Investor appetite for the 364-day Treasury bill has surged, with the tenor recording successive oversubscriptions since the re-opening of the 30-year infrastructure bond in early September.
- •In the 8 September 2025 auction, the 364-day paper attracted KSh 23.10 billion in bids against an offer of KSh 10.00 billion, representing a performance rate of 231%.
- •The Central Bank of Kenya (CBK) accepted KSh 19.08 billion, with a weighted average rate of 9.5790%, slightly up by 0.99 basis points from the previous week.
- •A week later, in the latest auction, demand remained strong with KSh 20.23 billion received for the same tenor.

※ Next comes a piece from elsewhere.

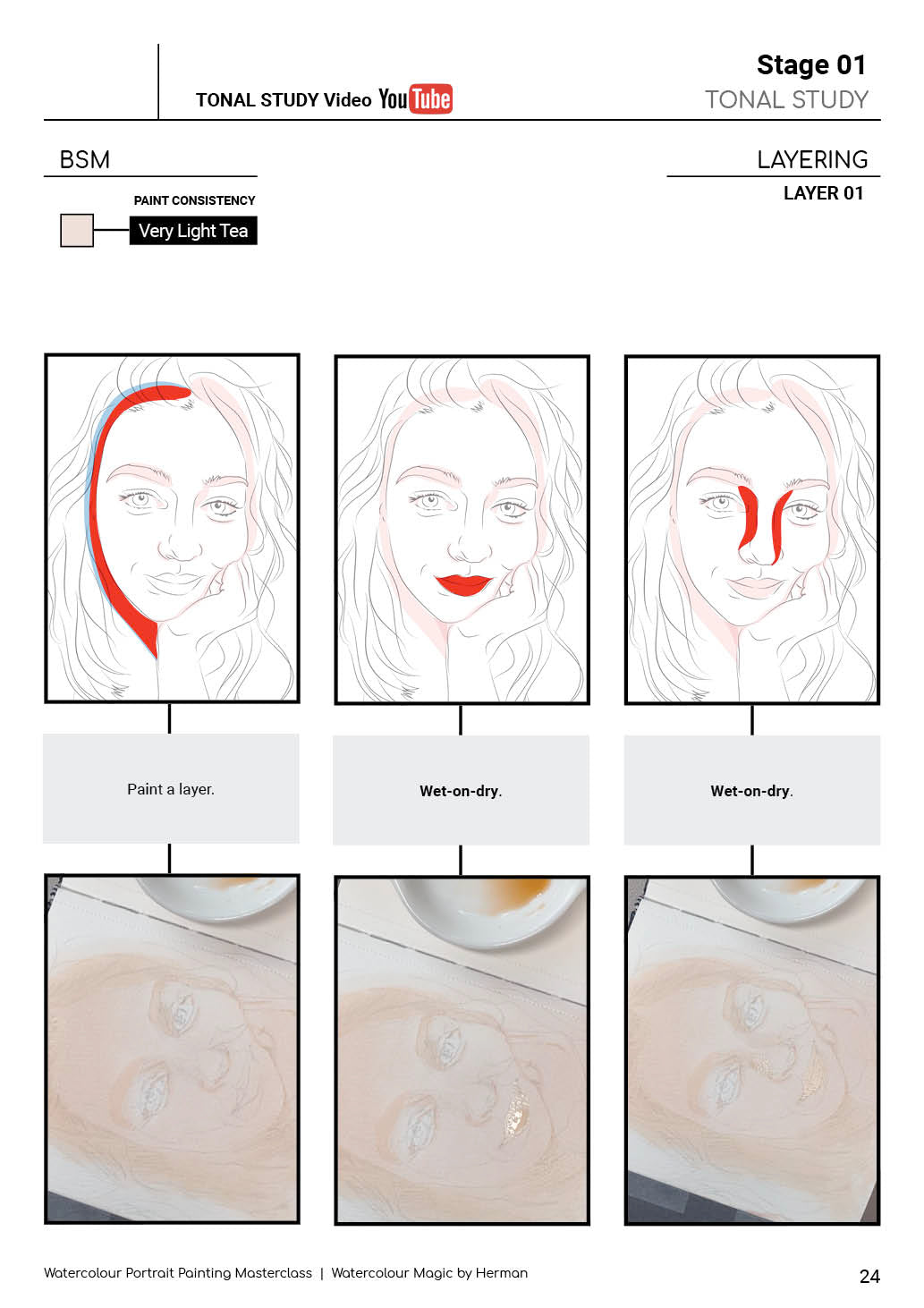 Detailed & illustrated steps with matching real-life images of the painting process.

CBK accepted KSh 11.06 billion at a lower yield of 9.5483%, showing a drop of 3.07 basis points but sustaining the bond’s dominance in both subscription volume and allocation.
Why Investors Are Piling In
The strong interest in the 364-day bill comes amid a declining rate environment, following the CBK Monetary Policy Committee’s decision to cut the Central Bank Rate (CBR) to 9.50%. Investors are moving quickly to lock in yields that are now approaching parity with the CBR, anticipating further easing that may compress returns on short-term debt.
Meanwhile, the long-duration SDB1/2011/030 bond, re-opened in the same period, received muted demand. It attracted only KSh 8.07 billion in bids, with just KSh 2.40 billion accepted, marking a weak 40.35% performance rate despite its 13.96% average yield.
This contrast indicates risk aversion among investors, who are favoring shorter maturities with attractive rates over long-dated bonds that come with significant duration risk.
As the rate environment continues to shift, the market is clearly signaling a preference for instruments that combine safety, liquidity, and yield proximity to the benchmark policy rate.